_Your assignment:_ The entries below contain pictures. Write out only the lines from the line with "Sierra Calderona河的支流。當年神父就是要渡過這條河。" up to and including the line with "వరంగల్ లోని కేంద్ర బెజ్జెడ్ గిడ్డంగి", exactly, without them.

(Extracted data entries)
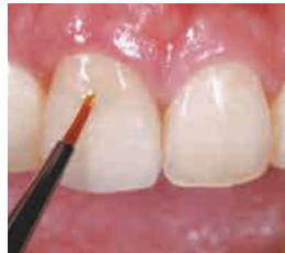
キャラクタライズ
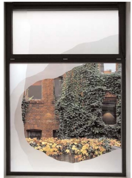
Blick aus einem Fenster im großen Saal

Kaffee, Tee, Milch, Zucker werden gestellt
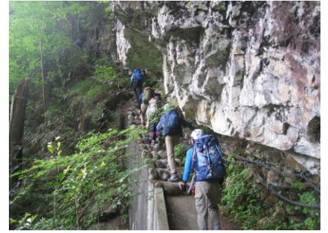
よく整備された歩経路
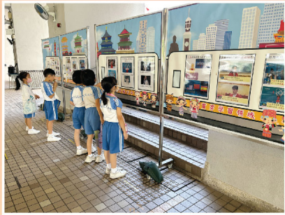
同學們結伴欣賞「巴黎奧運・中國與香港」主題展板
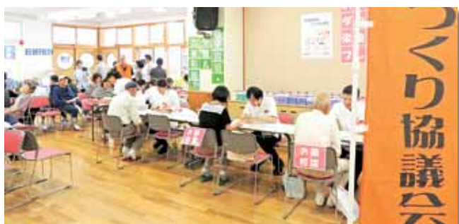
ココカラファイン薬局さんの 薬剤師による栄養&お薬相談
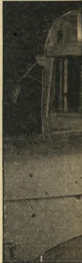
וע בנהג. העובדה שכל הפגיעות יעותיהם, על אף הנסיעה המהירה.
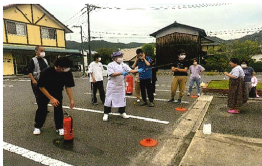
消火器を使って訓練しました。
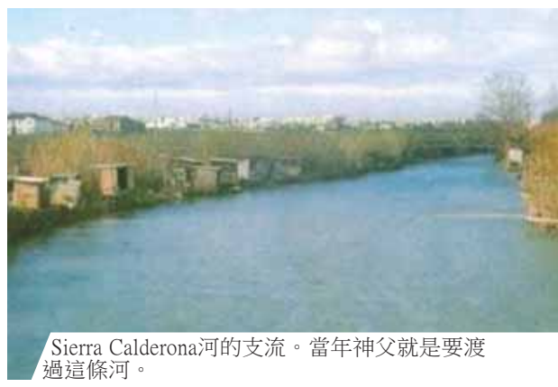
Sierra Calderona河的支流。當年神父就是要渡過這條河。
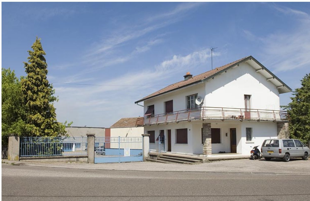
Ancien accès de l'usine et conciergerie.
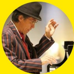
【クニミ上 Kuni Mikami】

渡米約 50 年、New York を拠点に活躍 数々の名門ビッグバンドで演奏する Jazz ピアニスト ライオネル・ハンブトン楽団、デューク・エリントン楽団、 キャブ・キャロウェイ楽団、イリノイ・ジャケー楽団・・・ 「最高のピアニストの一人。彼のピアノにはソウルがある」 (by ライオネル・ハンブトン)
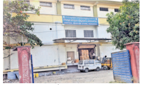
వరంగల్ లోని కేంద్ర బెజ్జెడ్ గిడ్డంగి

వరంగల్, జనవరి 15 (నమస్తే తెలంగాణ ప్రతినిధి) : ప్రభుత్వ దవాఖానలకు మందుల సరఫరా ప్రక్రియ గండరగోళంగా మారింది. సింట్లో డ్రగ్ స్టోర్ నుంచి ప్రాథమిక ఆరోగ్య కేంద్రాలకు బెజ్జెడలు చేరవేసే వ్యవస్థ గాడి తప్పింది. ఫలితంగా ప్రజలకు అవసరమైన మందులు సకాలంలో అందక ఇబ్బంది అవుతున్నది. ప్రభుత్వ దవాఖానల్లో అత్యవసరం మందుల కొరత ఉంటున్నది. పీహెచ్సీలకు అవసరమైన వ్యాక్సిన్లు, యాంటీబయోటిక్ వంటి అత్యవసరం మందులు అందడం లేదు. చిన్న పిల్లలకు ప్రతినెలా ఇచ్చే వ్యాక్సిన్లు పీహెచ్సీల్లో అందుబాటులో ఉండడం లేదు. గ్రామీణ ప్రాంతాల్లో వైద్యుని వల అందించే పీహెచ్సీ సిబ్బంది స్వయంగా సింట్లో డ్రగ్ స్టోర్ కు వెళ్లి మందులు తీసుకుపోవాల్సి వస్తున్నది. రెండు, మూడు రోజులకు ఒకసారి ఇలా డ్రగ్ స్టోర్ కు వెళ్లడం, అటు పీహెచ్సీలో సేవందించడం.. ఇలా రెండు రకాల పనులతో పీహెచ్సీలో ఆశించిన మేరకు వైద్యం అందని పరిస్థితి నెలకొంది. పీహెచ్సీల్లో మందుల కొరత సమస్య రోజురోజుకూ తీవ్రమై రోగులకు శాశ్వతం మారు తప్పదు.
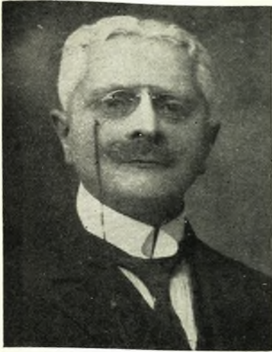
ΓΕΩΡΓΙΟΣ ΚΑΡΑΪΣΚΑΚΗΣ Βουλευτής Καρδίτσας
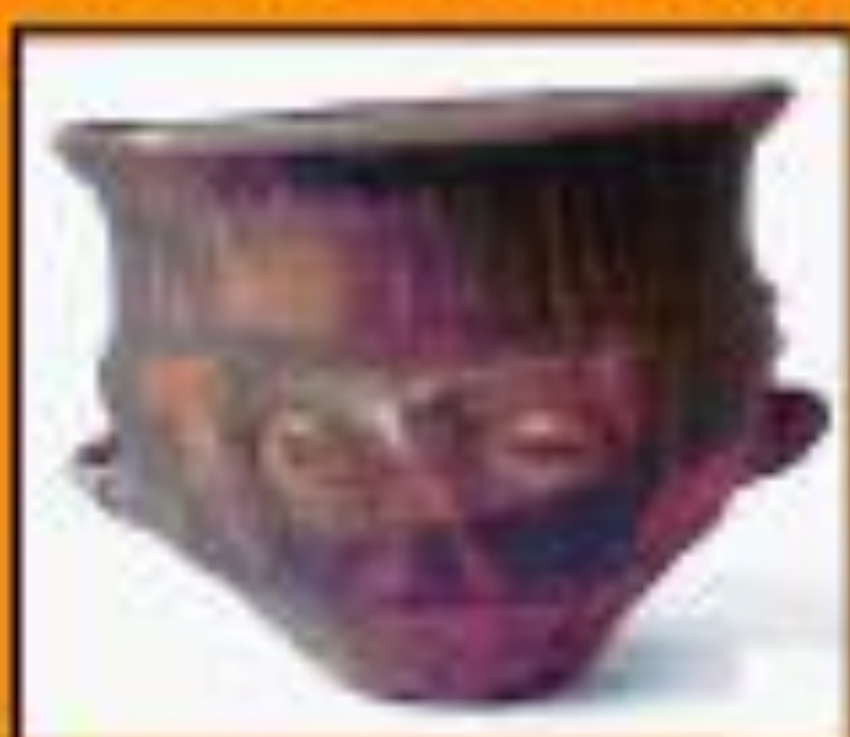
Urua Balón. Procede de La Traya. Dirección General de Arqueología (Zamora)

_The answer:_
Sierra Calderona河的支流。當年神父就是要渡過這條河。
Ancien accès de l'usine et conciergerie.
【クニミ上 Kuni Mikami】

渡米約 50 年、New York を拠点に活躍 数々の名門ビッグバンドで演奏する Jazz ピアニスト ライオネル・ハンブトン楽団、デューク・エリントン楽団、 キャブ・キャロウェイ楽団、イリノイ・ジャケー楽団・・・ 「最高のピアニストの一人。彼のピアノにはソウルがある」 (by ライオネル・ハンブトン)
వరంగల్ లోని కేంద్ర బెజ్జెడ్ గిడ్డంగి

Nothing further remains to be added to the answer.